Background: The adenoma detection rate (ADR) has long been used as a target by endoscopists for colorectal cancer (CRC) screening in the general population. However, ADRs in higher-risk populations have not been well established, including Lynch syndrome (LS), which is the most common hereditary cause of CRC. Having colorectal neoplasia rate benchmarks in LS is important for endoscopists performing surveillance colonoscopies in these high-risk individuals. Therefore, the aim of this study is to determine the ADR in addition to the overall colorectal neoplasia detection rate (CNDR), CRC detection rate (CRCDR), and proximal serrated detection rate (PSDR), in a cohort of individuals with LS.
Methods: We performed a retrospective study of all individuals with LS who were evaluated at a single tertiary care center from May 2001 to September 2023 (n = 542). We excluded individuals without a completed colonoscopy/flex-sig on record within the study time period and excluded all colonoscopies/flex-sigs completed at outside centers. Data from colonoscopy/flex-six procedures and pathology reports was collected along with other relevant demographic, personal health history, and family history data. CNDR was defined as the rate that a CRC, adenoma, or serrated lesion proximal to the sigmoid colon was identified. A Fisher Exact Test and Kruskal-Wallis Test were used to assess factors associated with colorectal neoplasia.

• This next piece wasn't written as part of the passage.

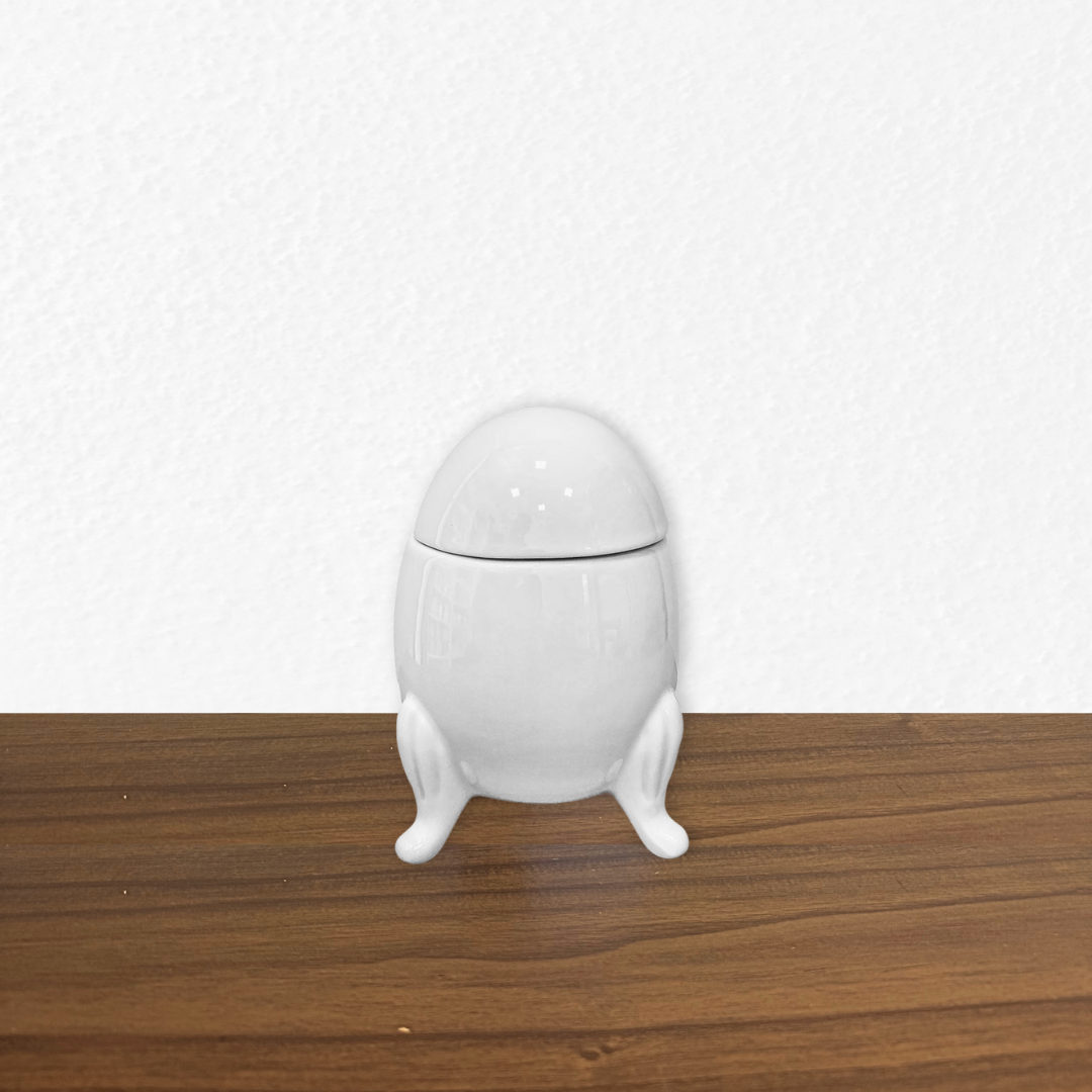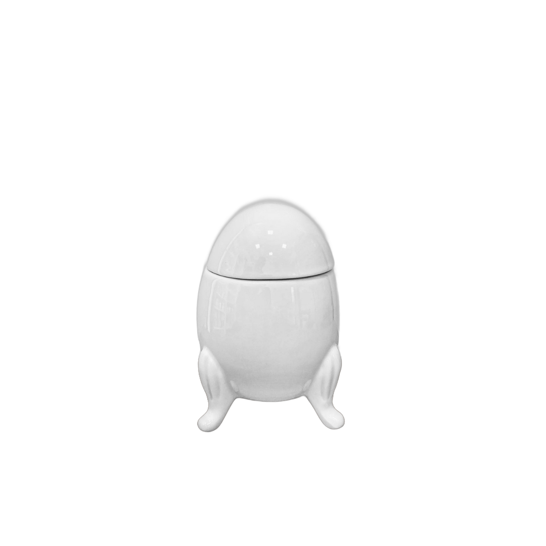 Porta-joias em porcelana branca em formato de ovo com delicado acabamento e base integrada com efeito de encaixe. Peça elegante, ideal para guardar pequenos itens com charme e compor a decoração com sofisticação.

Results: Amongst 542 individuals with LS, 190 were excluded because they did not have an in-house colonoscopy/flex-sig on file, leaving 352 individuals with 1,296 colonoscopies included in our analysis. This cohort was primarily female (64.5%), white (87.5%), with private insurance (76.1%), and there was a near-even distribution across different genotypes (Table 1). We found a CNDR of 27.9%, CRCDR of 1.5%, ADR of 21.4%, and PSDR of 7.7% (Figure 1). Advanced age, Medicare insurance, history of prior colonic resection, and prior history of a non-CRC were significantly associated with colorectal neoplasia (p < 0.05). Colorectal neoplasia was not associated with genotype, biological sex, race, smoking status, BMI, aspirin use (≥2 years), or family history (p > 0.05).
Conclusion: Despite getting more frequent colonoscopies/flex-sigs, individuals with LS still had a high colorectal neoplasia rate, primarily driven by the detection of colonic adenomas. These colorectal neoplasia rates may serve as helpful “ballpark rates” for those performing colonoscopy/flex-sig in patients with LS. However, further studies are needed to determine whether colorectal neoplasia detection rates amongst endoscopists are predictive of CRC risk and outcomes in LS.